Re: Reification - whats best practice? from Eric Jain on 2004-08-30 (www-rdf-interest@w3.org from August 2004)

From: Eric Jain <Eric.Jain@isb-sib.ch>
Date: Mon, 30 Aug 2004 12:26:19 +0200
To: Leo Sauermann <leo@gnowsis.com>
CC: www-rdf-interest@w3.org
Message-ID: <413300CB.8080402@isb-sib.ch>
Leo Sauermann wrote:
> I assume that bloating means "too many triples, they look ugly"

Too many triples, yes, but more important, too much data and 
duplication. Not necessarily the same thing.


> EXAMPLE 1 with reification
 > ...
> == 15 not easily readable statements 

You could even argue that it's 17, as reifying a statement doesn't 
replace it. But keep in mind that it is trivial to collapse reified 
statements into a more compact "quad" representation:

sta1 s1 p1 o1
sta1 example:backedBy a1
sta1 example:backedBy a2
sta2 s1 p2 o2
sta2 example:backedBy a1
sta2 example:backedBy a3
a1 rdf:type example:source
a2 rdf:type example:source
a3 rdf:type example:source

Actually, I treat triples as "quintuplets". Each statement is part of a 
model, or named graph:

m1 sta1 s1 p1 o1
m1 sta1 example:backedBy a1
m1 sta1 example:backedBy a2
m1 sta2 s1 p2 o2
m1 sta2 example:backedBy a1
m1 sta2 example:backedBy a3
m1 a1 rdf:type example:source
m1 a2 rdf:type example:source
m1 a3 rdf:type example:source

This is important for inserting, retrieving and deleting data, which we 
do not manage at the level of individual statements or resources. Who does?


> Example 2 with quads
>  ...
> sta1 s1 p1 o1
> sta2 s1 p1 o1
> sta1 s1 p2 o2
> sta3 s1 p2 o2
 > ...
> == 10 easily readable triples

Having to reassert a statement just because two or more people happen to 
agree an a fact doesn't seem very intuitive, unless you happen to manage 
your data according to who-said-it, which we don't.

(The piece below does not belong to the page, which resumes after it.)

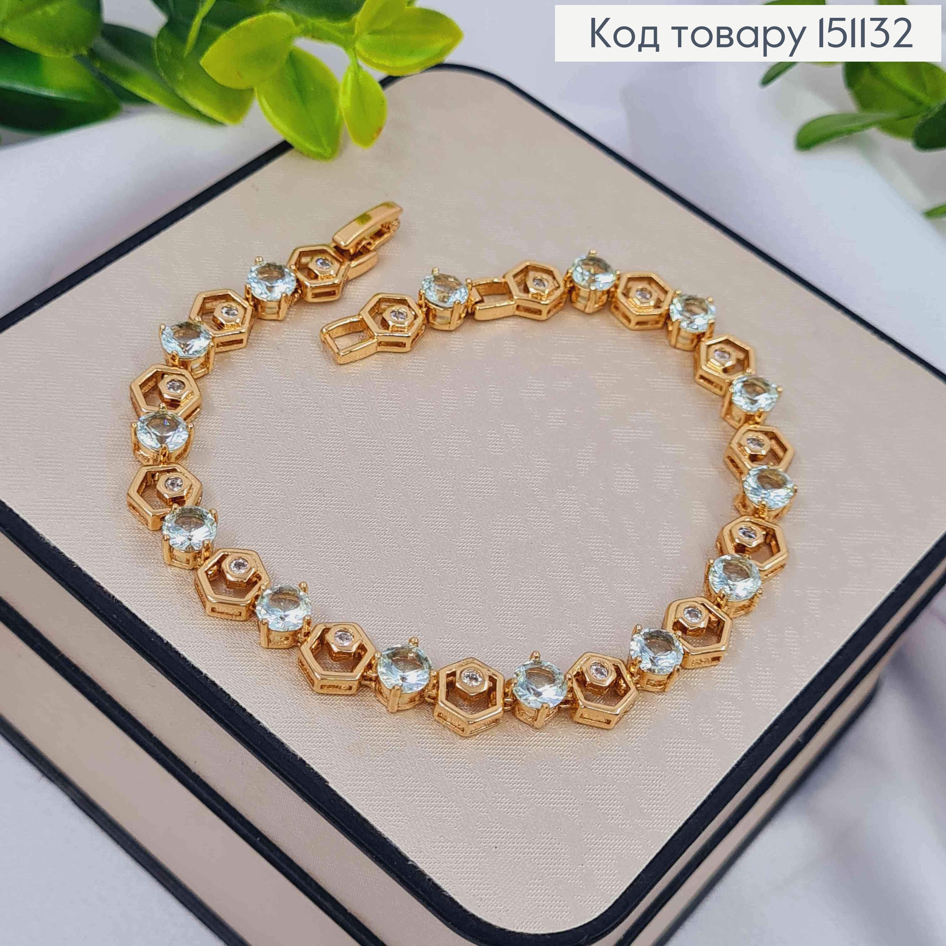 Браслет плетения шестиугольниками с Нежно-Голубыми камешками, дл. 20см, Xuping 18K

You could argue that your quads could be represented as:

s1 p1 o1 [sta1, sta2]
s1 p2 o2 [sta1, sta3]
sta1 example:backedBy a1
sta2 example:backedBy a2
sta3 example:backedBy a3

But I suspect this is less straightforward to implement than:

s1 p1 o1 [sta1]
s1 p2 o2 [sta2]
sta1 example:backedBy a1
sta1 example:backedBy a2
sta2 example:backedBy a1
sta2 example:backedBy a3

Which of course is nothing but reification in disguise.

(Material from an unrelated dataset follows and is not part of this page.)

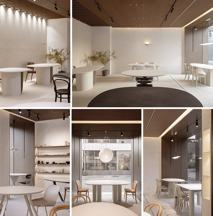 쇼룸 안에 배치된 테이블과 의자들은 각자 독립된 오브제로 전시되지만, 공간의 동선과 시선의 흐름을 고려해 배치되어 서로 유기적으로 연결된다. 각각의 피스가 공간의 일부로 어우러지면서도 독자적인 존재감을 발하는 미묘한 균형을 추구한 결과다. 미니멀한 형태와 부드러운 곡선, 따뜻한 소재의 조화는 피아바가 제안하는 이상적인 일상 ‘우아함 속의 편안함’을 자연스럽게 드러낸다.

In some kind of shorthand syntax suitable for editing, this could even 
be represented as:

s1 p1 o1 [sta1]
s1 p2 o2 [sta2]
sta1 example:backedBy a1, a2
sta2 example:backedBy a1, a3

Now it's shorter than your example :-)

Also, this approach allows you to define :backedBy as the owl:inverseOf 
:says, and look for people who agree with you:

SELECT
   ?author
WHERE
   [:Me :says ?something] AND
   [?author :says ?something]

Unfortunately this query tends to return an empty set with real life 
data :-)


> don't tell me that "implementations hide these many triples away from me".
> No, they do not. When creating the triples, you have to use a 
> reification API to create the triples, and when querying, you have to 
> use the reification API again. and reification APIs demand you to code 
> somethings.

Admittedly many tools don't hide the reification triples (as far as I am 
concerned, they shouldn't even use them internally). But I'd rather have 
them fix this before they start implementing extensions not found in any 
standard...


> But my practical problems could be much easier solved with quads. :-)

That may be so, but please keep in mind that other people may have 
different practical problems that are much easier solved with reification.


> Query engines do not usually do "over-more-than-one-graph" queries

I have implemented this, so others can't be far behind :-)

As pointed out previously, I do not consider a "graph" a replacement for 
reification, but a mechanism for data management, about on the same 
level as files.
Received on Monday, 30 August 2004 10:26:20 UTC